Following up
this earlier post by Chris in Paris, it's starting to look like an important week coming up. This weekend we have the G-20 meeting in Toronto, with a divided group. Some call for tightening; others oppose it.
Adrian Pabst at the Guardian puts it this way (my emphasis):
Most European governments claim that slashing public spending now is essential to avoid a Greek-style meltdown and sustain the fragile recovery, otherwise financial market pressure will downgrade national bonds. That, in turn, would raise the costs of public borrowing and also increase long-term interest rates, thereby crowding out private-sector investment, which alone can create sustainable jobs.
That's essentially the argument underpinning Germany's recent austerity package of €80bn (£66bn) in spending reductions and tax increases until 2016 and also this week's Con-Lib emergency budget with 25% cuts by 2015. Across the EU, George Osborne's neo-Thatcherite approach has tipped the balance in favour of the deficit hawks who advocate swingeing cuts.
By contrast, the US, China, Russia and Brazil are adamant that cutting government spending too fast too furiously will jeopardise growth and could lead to long-term stagnation or a double-dip recession. They argue that the global credit crunch caused an economic slump that has bequeathed a deficiency of demand – a lack of total investment and consumption spending, compared with total economic capacity and full employment.
He continues (again, my emphasis):
Economically, "shock-and-awe" fiscal austerity has a strongly deflationary effect that cannot be offset by expansionary monetary policy, with baseline interest rates near 0%. Politically, austerity undermines the social bonds of trust and reciprocal help on which free, democratic societies rely. Mass unemployment and social unrest raise the spectre of nationalism and endanger the very foundations of democracy.
I'd like to underscore just for a moment those twin arguments. The first — with interest rates at the zero boundary, you
can't offset deflation (a disastrous falling-price spiral) with expansionary interest rates. This argument should sound familiar — Krugman and others have been making it for a while now.
The second argument — austerity
undermines the social contract. And when social groups are at each other's throats,
little good can occur.
So what's a market to do? Literally — what will the markets do in this environment? On the one hand, Big Money loves squeezing the "
small people". But if the small people can't buy groceries, they certainly won't buy big screens, and earnings will tank for all those big people who own most of the stock in the world.
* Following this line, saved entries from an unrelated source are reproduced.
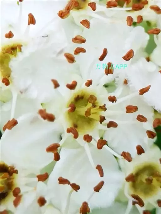 伞房花序具多花,直径4-6厘米,总花梗和花梗均被柔毛,花后脱落,减少,花梗长4-7毫米;苞片膜质,线状披针形,长约6-8毫米,先端渐尖,边缘具腺齿,早落;花直径约1.5厘米;萼筒钟状,长4-5毫米,外面密被灰白色柔毛;萼片三角卵形至披针形,先端渐尖,全缘,约与萼筒等长,内外两面均无毛,或在内面顶端有髯毛;花瓣倒卵形或近圆形,长7-8毫米,宽5-6毫米,白色;雄蕊20,短于花瓣,花药粉红色;花柱3-5,基部被柔毛,柱头头状。
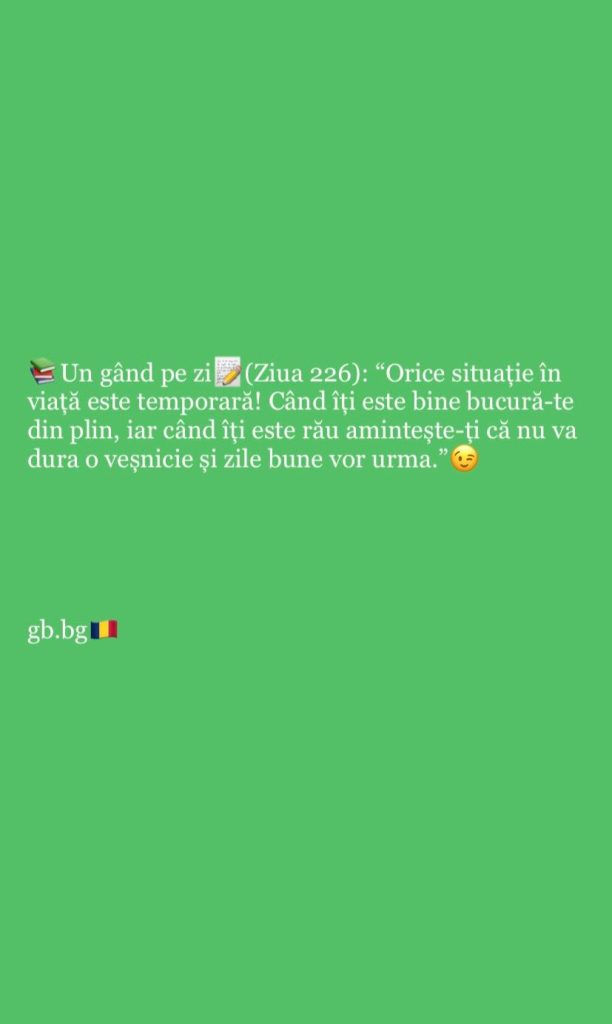„Orice situație în viață este temporară! Când îți este bine bucură-te din plin, iar când îți este rău amintește-ți că nu va dura o veșnicie și zile bune vor urma.”
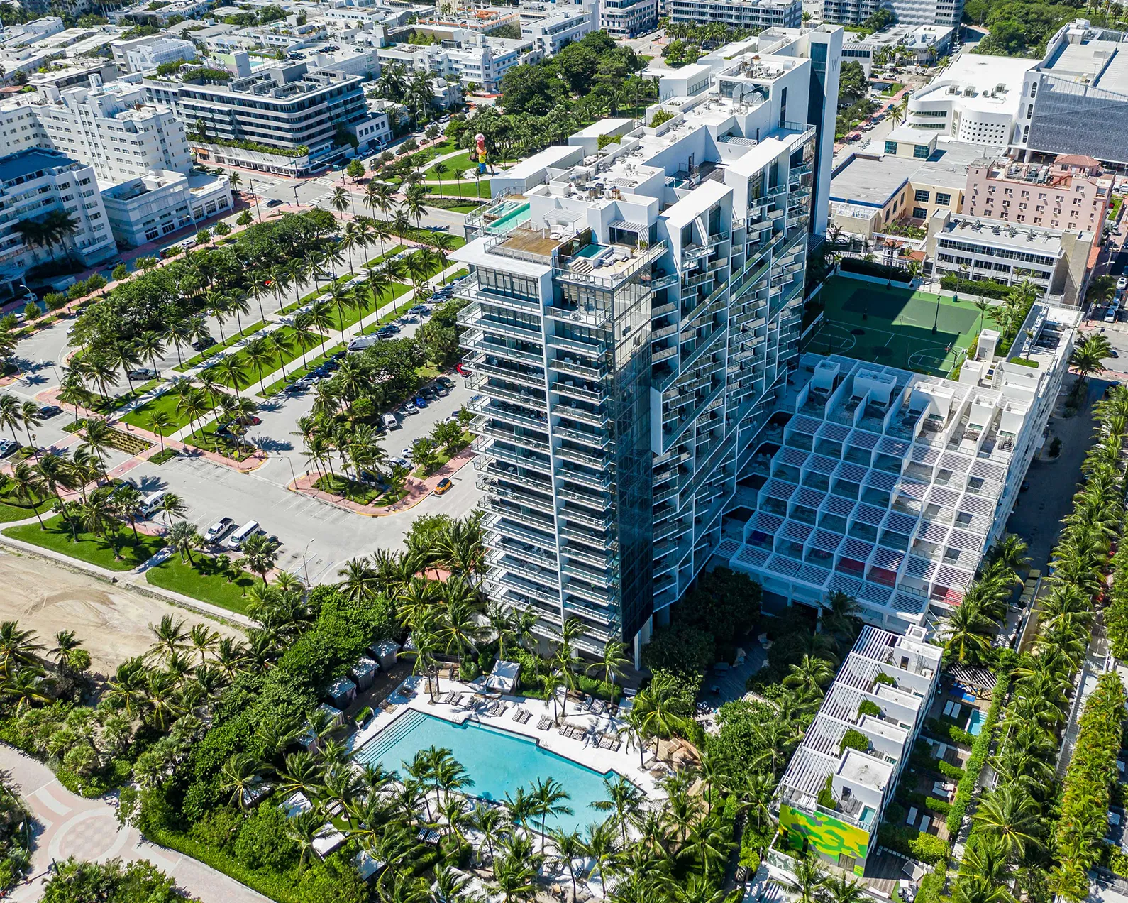 This restored Art Moderne building in Miami’s famed Art Deco district exudes an air of modern sophistication from its eleven gleaming storeys.

So once more the Dow is hovering down at the magic
10,000 point. We're told this is due to
fears of a double-dip recession:
Retail stocks fell Thursday as investors worried that the economy, which had been showing some signs of life, may be making a U-turn.
J.C. Penney, Bed, Bath & Beyond, Macy's and Red Lobster and Olive Garden owner Darden Restaurants were among the top decliners in the Standard & Poor's 500 index — each falling at least 5 percent. [my emphasis]
But if the Deficit Hawks get their way — at the G-20 and here at home — a double-dip is almost assured. And don't think of the Deficit Hawks as just the Germans; they're everywhere you turn over here.
So watch the news out of Toronto — and then watch the Dow this week. Big Money is in a quandary, torn between two goals — squeezing the smalls, or lining its pockets? Which will it choose?